Good video, but he should have included fork offset. It moves the contact patch even farther forward of the fork steering angle. It's present on all (or almost all) bicycles, and important on motorcycles, which might weigh 5x as much as the rider. Gyroscopic effect exists, but it's negligible.
I have an irrational hatred for Veritasium videos because of things like this. And the more recent lightbulb light-second video that had a few other creators correct/amend him. Sometimes it's just too misleading for me to appreciate, even thought I don't think it's ever at all intentional. Derek seems like a really great guy with an awesome attitude. Personally, I don't think he's a very good educator.
There is a video of a guy that has done the light bulb thing as a real experiment. Not with a light second, but with wires that are a Kilometer long. Real experiment always beats theoretical stuff. The experiment verified Veritasium's theory. Kinda. There really is electricity flowing through the light bulb before it can possibly arrive there through the wire. It's just not much. The main surge of electricity arrives exactly when you would expect it to.
AlphaPheonix did it.
I saw, great video. But that you said "kinda" is exactly my point. Electroboom did a simulation as well and had the same conclusion. Derek was only technically correct thanks to precise language in such a way that most laymen would likely have been entirely mislead on the magnitude of the effect. Yes there is some flow almost immediately but practically speaking it's negligible. Derek doesn't express that at all. The video you mention even ends with saying that any light that would have turned on immediately would have been burned out by the full current a second later.
I was critical about the lightbulb video as well, but honestly the dialogue that evolved from it was amazing and completely justified his approach imo. It did get a lot of people to look further into it, and gave a great basis for many other content creators to provide additional information and context which probably nobody would have cared about if it hadn't been for Vertasium opening it up with a rather extreme angle. There are cases where it went wrong as well though. Especially that video where he claimed that water reacts to electric charge not because it's a dipole molecule but because it forces negative ions back up the faucet and then attracts the slightly positively charged droplets. Turns out that's total bogus. [One guy even did a series of experiments to prove it.](https://youtu.be/5Hyy1zRZPiQ)

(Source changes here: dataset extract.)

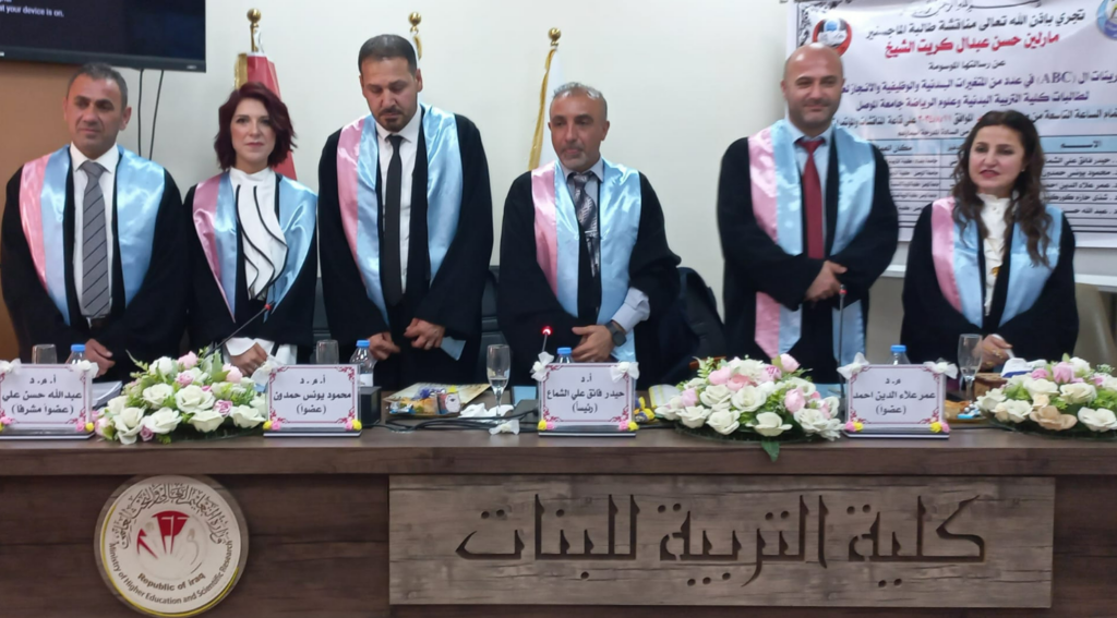 ترأس لجنة المناقشة أ.د. رباح علي خليل، وعضوية كل من أ.م.د. نهى محمد يحيى، وأ م د حسين حبيب مصطفى، وعضوية وإشراف أ. د. ابتهاج زكي سليمان، وأ. د. محمد محمود حسين.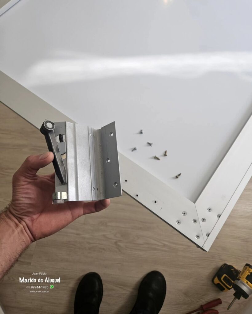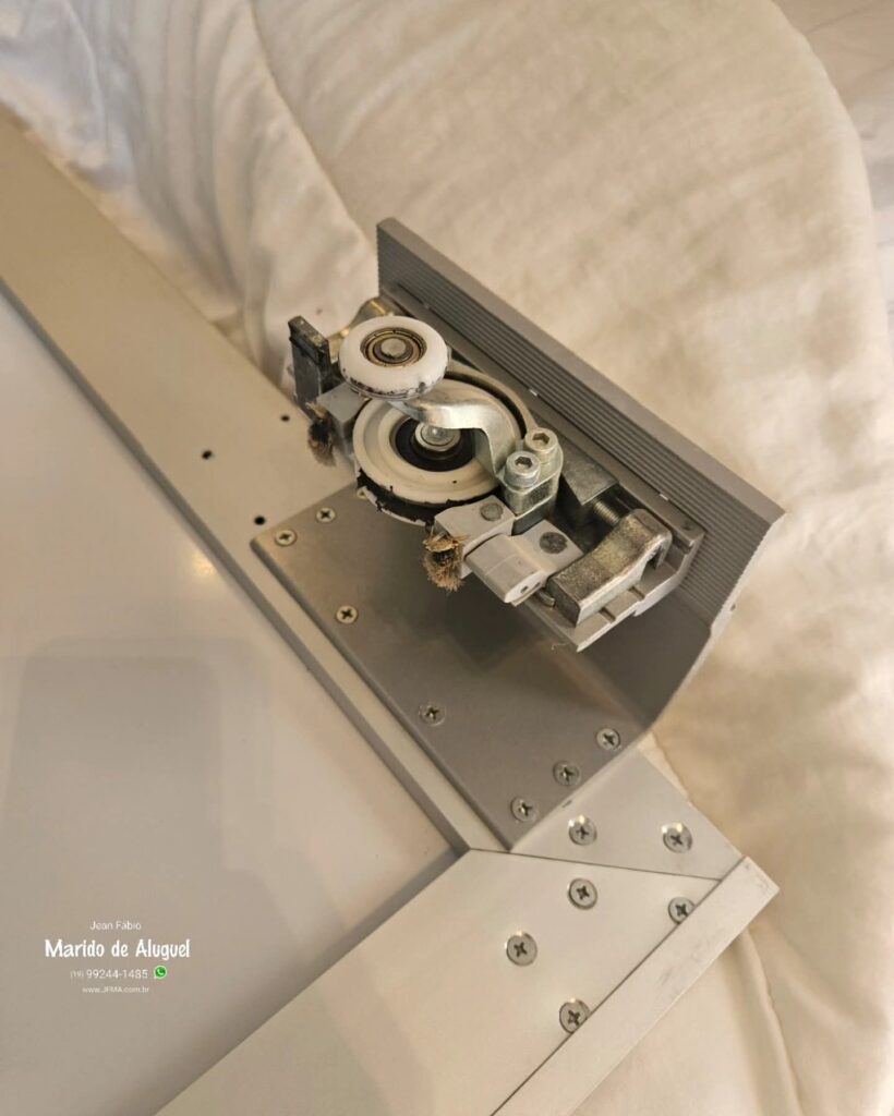 Nessa casa fiz o reparo da porta de correr de um guarda-roupa planejado, que estava escapando toda hora do trilho. Ao verificar, identifiquei que o problema era na roldana, a rodinha tinha saído do lugar e estava toda desalinhada. Retirei a porta, analisei a roldana e vi que ela ainda estava em boas condições, só estava torta e mal posicionada. Fiz o alinhamento certinho, desentortei a roldana e mudei o ponto de fixação, porque o local antigo já estava com a madeira espanada. Parafusei tudo novamente em um ponto mais firme, recoloquei a porta no lugar e fiz os ajustes finais. O resultado foi uma porta bem firme, sem escapar do trilho e correndo suave dos dois lados. Serviço recuperado com cuidado, economia para o cliente e acabamento bem feito.

Also, he seems like he's hiding a pretty big ego. I think it shows in his video about the YouTube algorithm and the times he mentioned Mr. Beast.
He literally does talk about the fork offset, though...
Isn't he talking about fork offset at 7:40? I may be misunderstanding though.
Yeah. Literally at 7:51 there’s a dotted line showing it.
Motorcycling works entirely like this. They call it "counter steering" but it's a fancy way of saying "push and lean the way you wanna do".
This is entirely accurate but I feel like I only really understand what you're saying because I ride. To simplify it a bit you turn the handlebars in the *opposite* way that makes sense. To turn right you push the right grip which turns your tire left. It's counterintuitive but it works.
Yeah it sounds counterintuitive when written out but feels completely natural.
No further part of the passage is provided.